Recent years have witnessed significant attention towards developing simulated activity video data involving avatars in cyberspace. This attention stems from the potential advantages these advancements offer, particularly in enhancing embodied AI system’s ability to identify everyday hazards that pose challenges for detection [Citation15]. One notable framework in this realm is the VirtualHome2KG framework [Citation9,Citation10], proposed by Egami et al., which revolves around creating Knowledge Graphs (KGs) that depict daily life activities within virtual environments. Its primary objective is to streamline the generation of virtual environments teeming with avatars engaged in a spectrum of daily activities. These synthetic KGs serve as a contextual representation for simulated activity video data, empowering researchers to analyse human behaviour in virtual domains. Egami et al. [Citation8] demonstrated the potential of VirtualHome2KG by showcasing its ability to learn and interpret daily life activities in virtual spaces. Beyond serving as a valuable resource for behaviour recognition research, this framework opens doors for exploring diverse AI techniques to tackle real-world challenges, such as detecting fall risks among older adults. In our research, we leverage the VirtualHome2KG framework to generate daily activity data to detect and identify risks associated with daily activities.

Concurrently, machine learning techniques have found widespread application in human activity recognition (HAR) and anomaly detection. These methodologies harness the computational prowess of algorithms and statistical models to delve into data patterns, facilitating the automated identification and categorization of human activities, as well as the detection of abnormal behaviour. For example, our prior research [Citation16] emphasized detecting abnormal events, particularly within the context of human posture analysis and decision-making processes. In this paper, we employed our previously proposed method [Citation17] for detecting simulated abnormal activities. This approach serves as a compelling showcase of the effectiveness of our simulated activity data in a comprehensive manner.

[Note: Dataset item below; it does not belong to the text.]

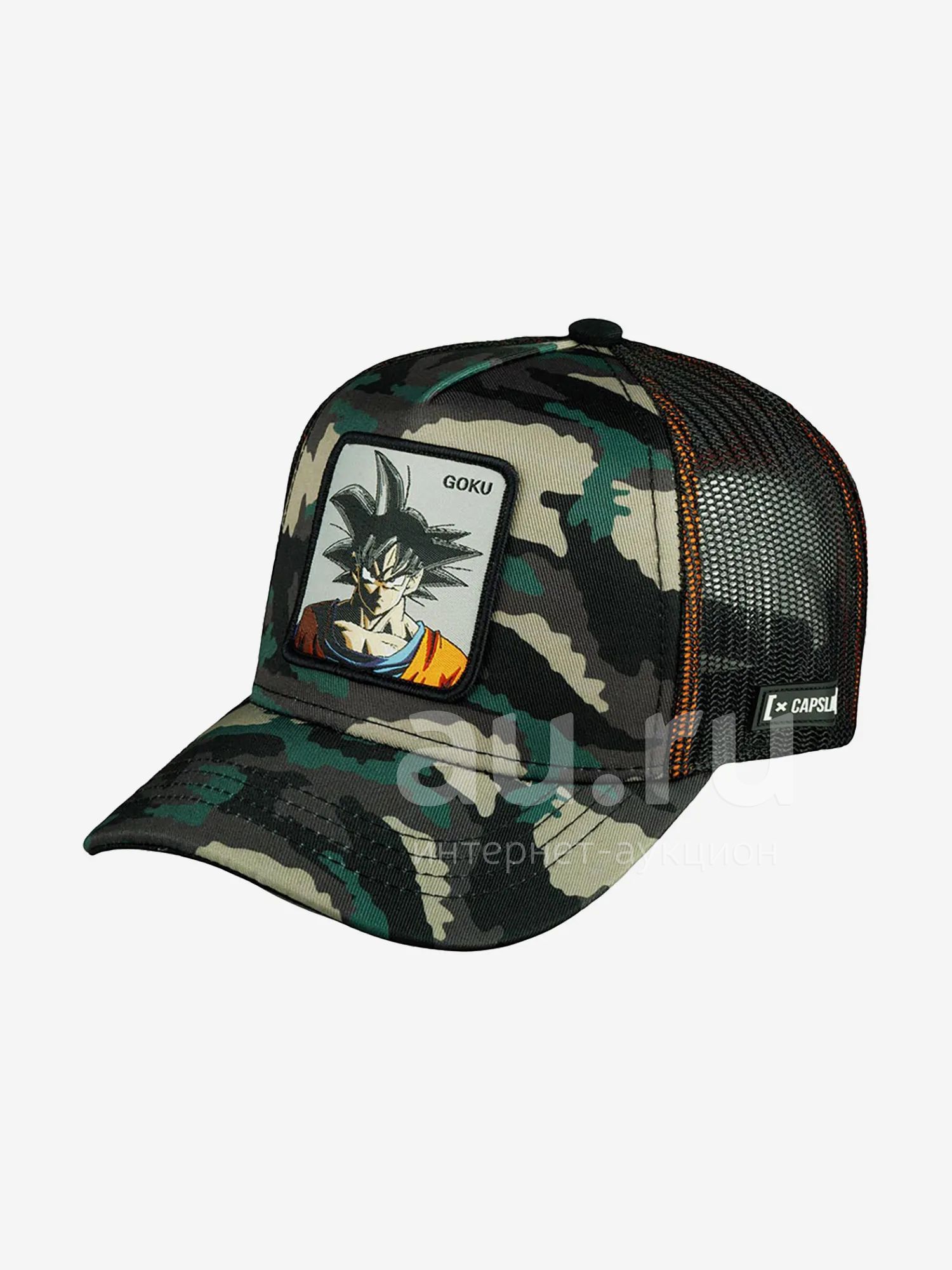 Бейсболка Goku из коллекции Dragon Ball. Бейсболка сшита из полиэстера и хлопка. Твердая передняя панель и козырек выполнены из ткани с камуфляжным принтом. Сетка, пуговка на макушке и внутренняя часть козырька черные. Модель украшает нашивка с Гоку — главным героем манги "Драконий жемчуг" — и соответствующей надписью. Сбоку на сетке — круглая тканевая нашивка с изображением иероглифа, который Гоку носит на униформе после завершения тренировок по гравитации. С другой стороны — резиновый ярлычок с названием бренда. Размер бейсболки регулируется при помощи пластиковой застежки. Рядом — резиновый оранжевый ярлычок с логотипом бренда. Внутренние швы обшиты брендированной тканью. Длина козырька 6.5 см, глубина бейсболки 13 см.
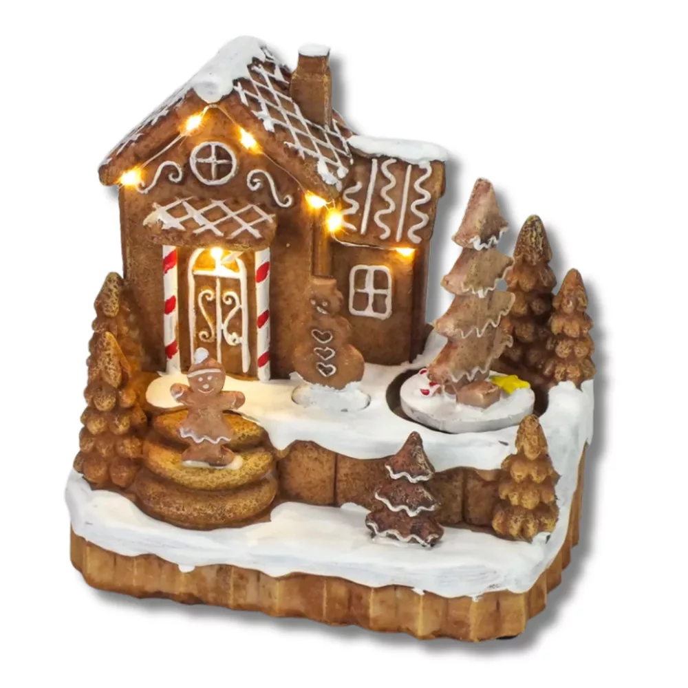 Világítós mézeskalács falu forgós fenyővel – koszorúhoz, asztaldíszhez

3. Research efforts in vision-based activity datasets

As vision-based ADLs datasets must provide challenges to be applied in practical applications, the essential criteria for preparing such datasets have already been presented in our previous work [Citation11]. This work gives more extensive examples of those criteria and datasets obtained in real-life. We conducted a survey of the most influential research published between 2016 and 2023 by searching for the keywords “Activity recognition datasets, synthetic datasets” on Google Scholar. Our selection process focused on identifying popular datasets relevant to our targeted research tasks.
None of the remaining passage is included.